▶ [ASSIGNMENT]: After removing every image, reproduce the data exactly as it appears.
**** INPUT DATA ****
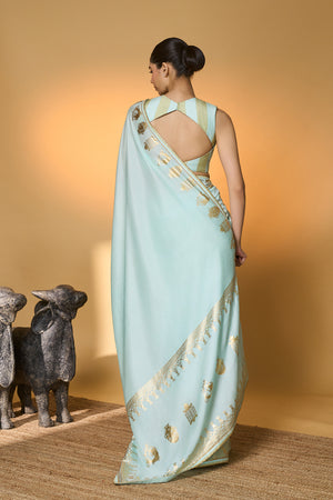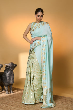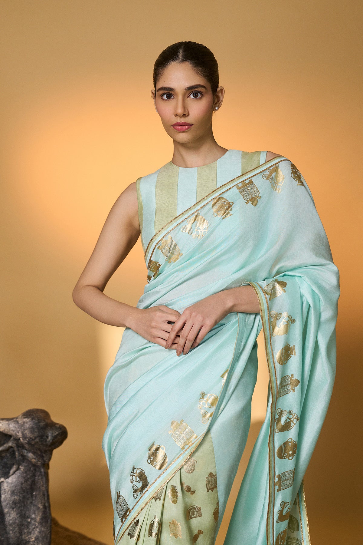 Details: Saree – The saree has all-over foil print | Pallu has amber arches, all charms placements, and all charms print as a border on the Pallu | Pleats have all-over charms foil print | The entire saree is finished with thin gota and a piping. Blouse – The blouse piece comes with baby pink and mint raw silk fabric separately.
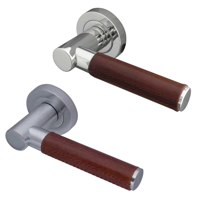 The Ascot features a real leather grip with a stitching detail across the handle. Available in either brown leather or black leather and a polished chrome or satin chrome finish. A contemporary, eye-catching set of door handles.
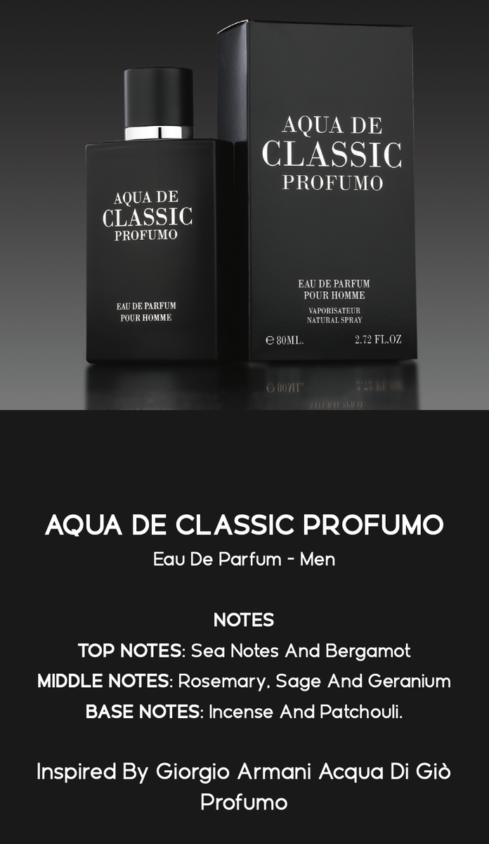 Découvrez Aqua De Classic Profumo, une eau de parfum pour homme inspirée par les essences marines et boisées. Parfaite pour un homme sophistiqué, elle combine des notes de tête de bergamote et de notes marines, un cœur de romarin et sauge, et se termine par un fond d'encens et de patchouli. Idéale pour toutes les occasions, elle incarne élégance et modernité.
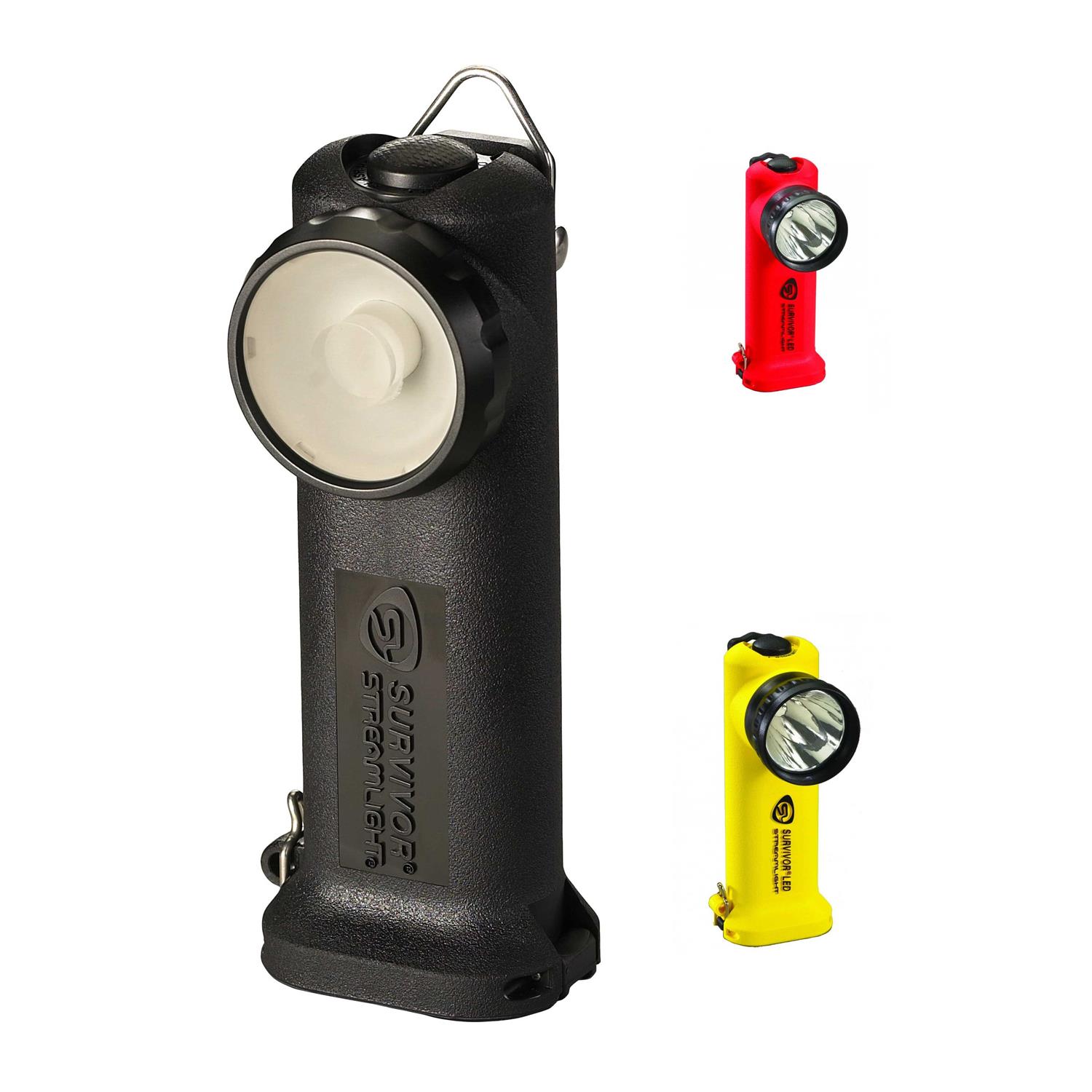 The Streamlight Survivor LED (Alkaline Model) is a lightweight, hand-held light with right angle head designed for use in hazardous locations. The light offers microprocessor controlled high and low lighting modes and emergency flash mode. It is the Brightest, Right-Angle LED Flashlight in the World. The Luxeon LED will never break or burn out, it’ll never have to be replaced. This ultra-bright, 3-watt Luxeon LED has a 50,000 hour life with 65 lumens. There is no need for spare bulb. The deep-dish, parabolic beam generator creates a long-range (500 feet), focused beam, and ample side lighting for multi-use applications. It’s weatherproof, microprocessor controlled, push button switch is raised to make it easy to use with gloves. The three position switch (high, low, and locator strobe) is a raised push button switch recessed in a polymer housing for protection. The Streamlight Survivor LED will run up to three hours on high beam and up to six hours on low beam. It is powered by four AA Alkaline batteries.
****
▶ [EXERCISE RESPONSE]:
 Details: Saree – The saree has all-over foil print | Pallu has amber arches, all charms placements, and all charms print as a border on the Pallu | Pleats have all-over charms foil print | The entire saree is finished with thin gota and a piping. Blouse – The blouse piece comes with baby pink and mint raw silk fabric separately.
 The Ascot features a real leather grip with a stitching detail across the handle. Available in either brown leather or black leather and a polished chrome or satin chrome finish. A contemporary, eye-catching set of door handles.
 Découvrez Aqua De Classic Profumo, une eau de parfum pour homme inspirée par les essences marines et boisées. Parfaite pour un homme sophistiqué, elle combine des notes de tête de bergamote et de notes marines, un cœur de romarin et sauge, et se termine par un fond d'encens et de patchouli. Idéale pour toutes les occasions, elle incarne élégance et modernité.
 The Streamlight Survivor LED (Alkaline Model) is a lightweight, hand-held light with right angle head designed for use in hazardous locations. The light offers microprocessor controlled high and low lighting modes and emergency flash mode. It is the Brightest, Right-Angle LED Flashlight in the World. The Luxeon LED will never break or burn out, it’ll never have to be replaced. This ultra-bright, 3-watt Luxeon LED has a 50,000 hour life with 65 lumens. There is no need for spare bulb. The deep-dish, parabolic beam generator creates a long-range (500 feet), focused beam, and ample side lighting for multi-use applications. It’s weatherproof, microprocessor controlled, push button switch is raised to make it easy to use with gloves. The three position switch (high, low, and locator strobe) is a raised push button switch recessed in a polymer housing for protection. The Streamlight Survivor LED will run up to three hours on high beam and up to six hours on low beam. It is powered by four AA Alkaline batteries.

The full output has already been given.